Example for Fine Tuning CLIP or BLIP2 for VQA

Hi,
I wanted to fine tune CLIP and BLIP2 for a VQA task on custom dataset, but I was unsure how to do it. Are there any examples for fine tuning CLIP and BLIP2 for VQA?

Thank you

1 Like

I have implemented a repo here. I hope this can help.

This uses BLIP rather than BLIP2, no? Any pointers on BLIP-2? The architecture is slightly different

Hello @swtb , did you find anything for finetuning vqa or blip2 or have implemented anything? Any help will be really appreciated.

Yes though I moved on from it. You can find alot of clues from the inputs of the model and outputs of its forward pass.

I’ll be at my pc later, will attach a code snippet from my training loop

Tutorials for fine-tuning BLIP-2 are linked here: Transformers-Tutorials/BLIP-2 at master · NielsRogge/Transformers-Tutorials · GitHub. These include notebooks for both full fine-tuning (updating all parameters) as well as PEFT (parameter efficient fine-tuning using LoRa).

1 Like

Hi, have you implemented the use of lora to fine tune blip2 on top of vqa tasks?

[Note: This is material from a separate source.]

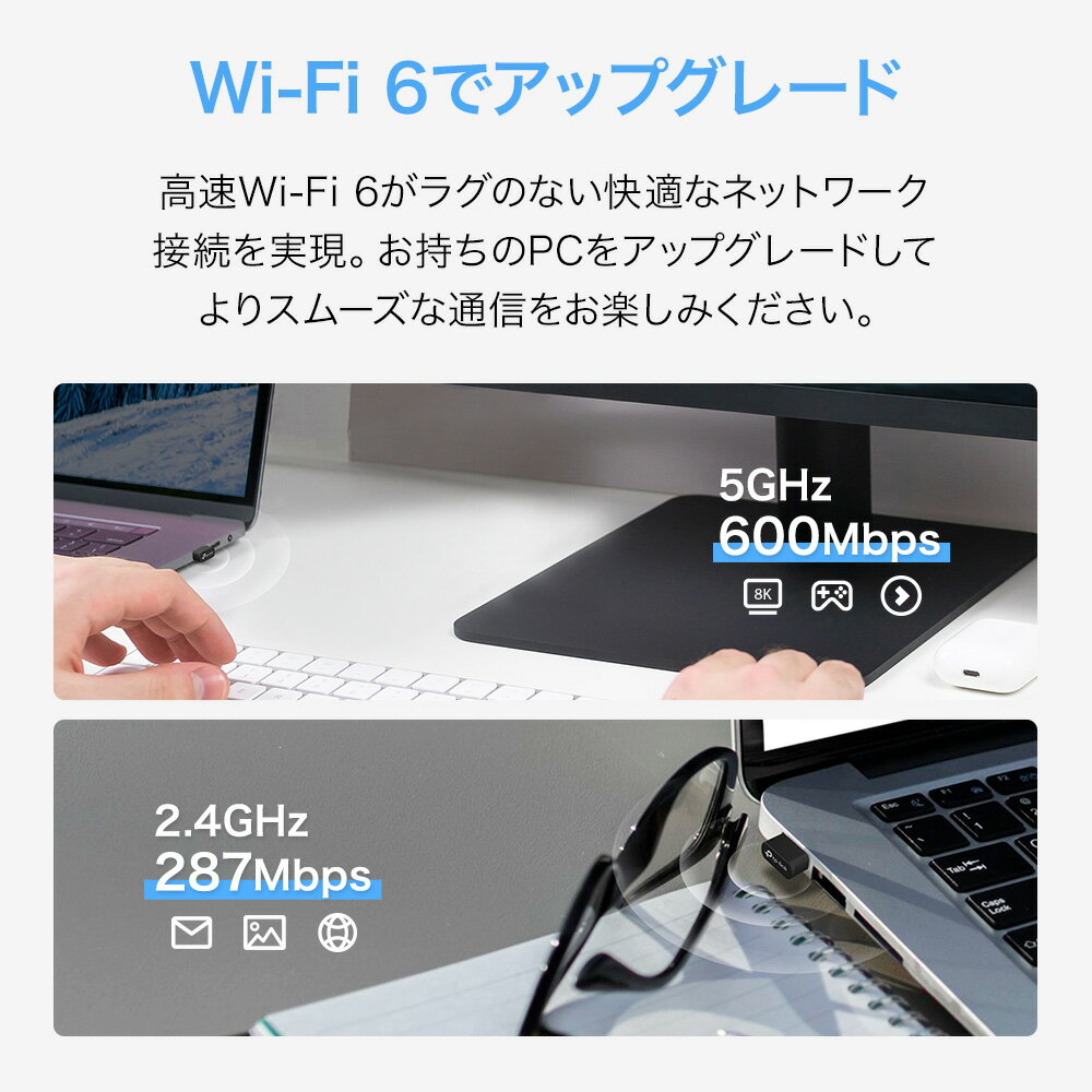 高速接続:最大900Mbps(287Mbps:2.4GHz&600Mbps:5GHz)の11ax Wi-Fiにアップグレード可能です。 デュアルバンド対応:2.4GHzと5GHzバンドが柔軟な接続を可能にし、手軽にデバイスを快適なWi-Fi 6にアップグレードします。 Bluetooth 5.3:信頼性と安全性が向上したBluetooth 5.3を搭載し、 ゲームコントローラー・ヘッドホン・キーボード等とより安定した接続が可能です。 ナノデザイン:ノートPCに挿したままでも邪魔にならず、持ち運びにも便利です。 対応OS:Windows 11/10に対応しています。 高セキュリティ:WEP・WPA/WPA2/WPA3・WPA-PSK/WPA2-PSK・ WPA3-SAE暗号化に対応しています。

I’d recommend checking out the repo linked above, and then you just need to wrap the BLIP-2 model using PEFT:

from transformers import Blip2ForConditionalGeneration
from peft import get_peft_model, LoraConfig, prepare_model_for_kbit_training

model = Blip2ForConditionalGeneration.from_pretrained("Salesforce/blip2-opt-2.7b", load_in_8bit=True)

lora_config = LoraConfig(
            r=8,
            lora_alpha=8,
            lora_dropout=0.1,
            target_modules="...",
            init_lora_weights="gaussian",
)

model = prepare_model_for_kbit_training(model)
model = get_peft_model(model, lora_config)
model.print_trainable_parameters()

Then proceed as usual. The target_modules are model-specific.

1 Like